Requiescant in pacem

Cessate di uccidere i morti, ammoniva Ungaretti, ma evidentemente nelle pubbliche amministrazioni non leggono Ungaretti (cioè lo si capiva anche da altre cose e peraltro se è per quello si capisce che non leggono nemmeno Montale e nemmeno Wittgenstein e neppure Leibniz, cioè non leggono proprio o al massimo la Gazzetta dello Sport). Sta di fatto che ho moltissimi episodi da raccontare in cui il morto proprio non vogliono lasciarlo riposare in pace: si va dall’ufficio pubblico che mi respinge un certificato di morte perchè emesso da più di 180 giorni (e la morte non è uno stato suscettibile di modificazione) all’ufficio giudiziario che non si accontenta della fotocopia del certificato di morte e vuole l’originale (procedete pure, poi la esecuzione la fate al cimitero). Ieri mi viene consegnato un certificato di morte attestante un curioso caso di morte retroattiva: il defunto è morto a febbraio del 2016 e nato a febbraio del 1916 (bella età, quindi, ha mancato i 100 per dieci giorni).
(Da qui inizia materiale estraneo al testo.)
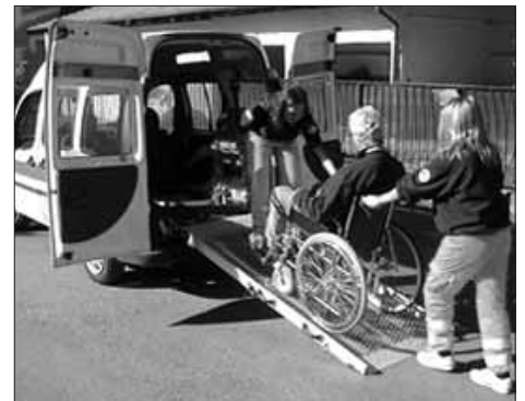
Automezzo attrezzato per il trasporto disabili

Nel certificato di morte però il comune dice che è morto a gennaio. Per equità però lo fa nascere un mese prima, sempre a gennaio (del 1916). Insomma alla fine il conto torna (mi ricorda la tragica scena finale in Brancaleone alle crociate: la morte una vita doveva prendere e una ha preso, anche se non era quella originariamente designata). Ovviamente non va bene e occorre correggere, ma l’errore ormai si è propagato e anche al marmista che doveva incidere la lapide è stata comunicata la data sbagliata. Solo che il marmista è più furbo che all’anagrafe e si è chiesto come mai si fossero tenuti il morto in casa per un mese, svelando l’errore. Almeno la lapide è giusta. Adesso si deve correggere l’anagrafe. Temo che sarà peggio che se fosse incisa nel marmo.